Fitting 5 folds for each of 48 candidates, totalling 240 fits
Best parameters: {'max_depth': 4, 'min_samples_leaf': 3, 'min_samples_split': 2})
MSE:  0.00022651371873831498


Took 5 seconds to run this.

Best parameters: {'max_depth': 4, 'min_samples_leaf': 3, 'min_samples_split': 2}

MSE:  0.00022651371873831498

In [28]:
reg_dt = DecisionTreeRegressor(max_depth=4, min_samples_leaf=3, min_samples_split=2, splitter='best', max_features='auto', random_state = 7) 
reg_dt.fit(X_train_scaled, y_train)
y_te_pred_dt = reg_dt.predict(X_test_scaled)
y_tr_pred_dt = reg_dt.predict(X_train_scaled)



In [29]:
model = "Decision Tree"

mae = round(mean_absolute_error(y_test,y_te_pred_dt),4)
rmse = round(np.sqrt(mean_squared_error(y_test,y_te_pred_dt)),4)

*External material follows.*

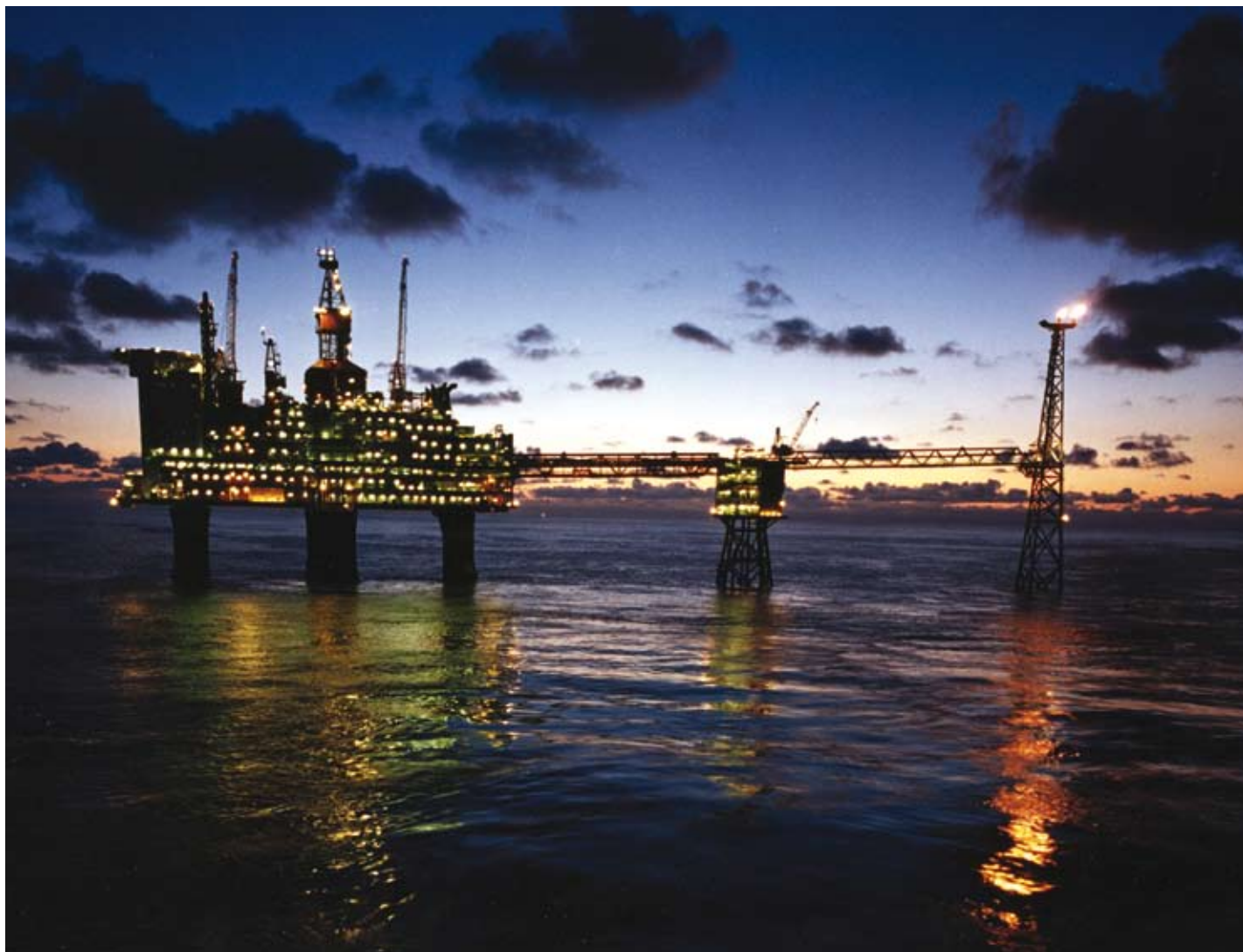
BYVIND HAGEN, STATOIL

CO 2 concentrations of 2 to 15 per cent, and high flow rates of 5 million m 3 /hr. A major problem for solvent life are combustion impurities: air pollutants such as SO x , NO x , particulates, and HCl, HF, mercury, and organic and inorganic contaminants. Consequently, commercial solvents contain cocktails of inhibitors and additives. Large fluid flows are also required, and solvent regeneration requires heating to 100–140°C, followed by compression to pipeline pressures of 100 bar. This all typically results in a 20 to 30 per cent increase in coal consumption at the plant.

r2_train = r2_score(y_train, y_tr_pred_dt)
r2_test = r2_score(y_test,y_te_pred_dt)
r2_adj_train = (1 - (1 - r2_train) * (X_train_scaled.shape[0] - 1) / (X_train_scaled.shape[0] - X_train_scaled.shape[1] - 1))
r2_adj_test = (1 - (1 - r2_test) * (X_test_scaled.shape[0] - 1) / (X_test_scaled.shape[0] - X_test_scaled.shape[1] - 1))

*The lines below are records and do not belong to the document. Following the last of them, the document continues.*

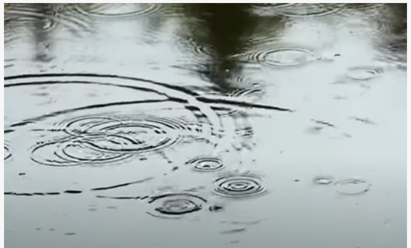
Cycling In The Rain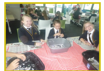
Year 5 at Groundworks recycling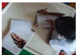
Left: One of the children in the Aftercare doing homework

I Commit myself to my school work. I Commit myself to me. I Commit myself to life. I Commit myself to love others. I Commit myself to Jesus. I Commit myself to be the best me,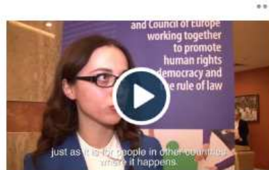
GEORGIA: Combating money-laundering and terrorism financing

results_df = results_df.append({'Model': model, 'R_Squared_train': r2_train, 'R_Squared_test': r2_test,'R_Squared_Adj_train': r2_adj_train, 'R_Squared_Adj_test': r2_adj_test, 
                                'RMSE': rmse, 'MAE': mae}, ignore_index=True)

results_df

  results_df = results_df.append({'Model': model, 'R_Squared_train': r2_train, 'R_Squared_test': r2_test,'R_Squared_Adj_train': r2_adj_train, 'R_Squared_Adj_test': r2_adj_test,


Unnamed: 0,Model,R_Squared_train,R_Squared_test,R_Squared_Adj_train,R_Squared_Adj_test,RMSE,MAE
0,Dummy Regressor (Median),-6.127242e-07,-0.000478,-0.003534,-0.008768,0.0244,0.0194
1,Linear Regression,0.6909249,0.674132,0.689833,0.671431,0.0139,0.0104
2,XGBoost,0.9220981,0.764047,0.921823,0.762092,0.0119,0.0083
3,Random Forest,0.9551438,0.757463,0.954985,0.755453,0.012,0.0082
4,Decision Tree,0.6836561,0.650789,0.682538,0.647895,0.0144,0.0106


#**Conclusion** 

Based off our data metrics of the various models, the best performing models are the XGBoost and Random Forest regressor models. They have the lowest mean absolute error and their R-Squared score are the closest to the value of 1 for their testing data. Comparing the two, XGBoost performs better in the mean absolute error and the R-squared statistic, making it the most optimal model of the several tested to use.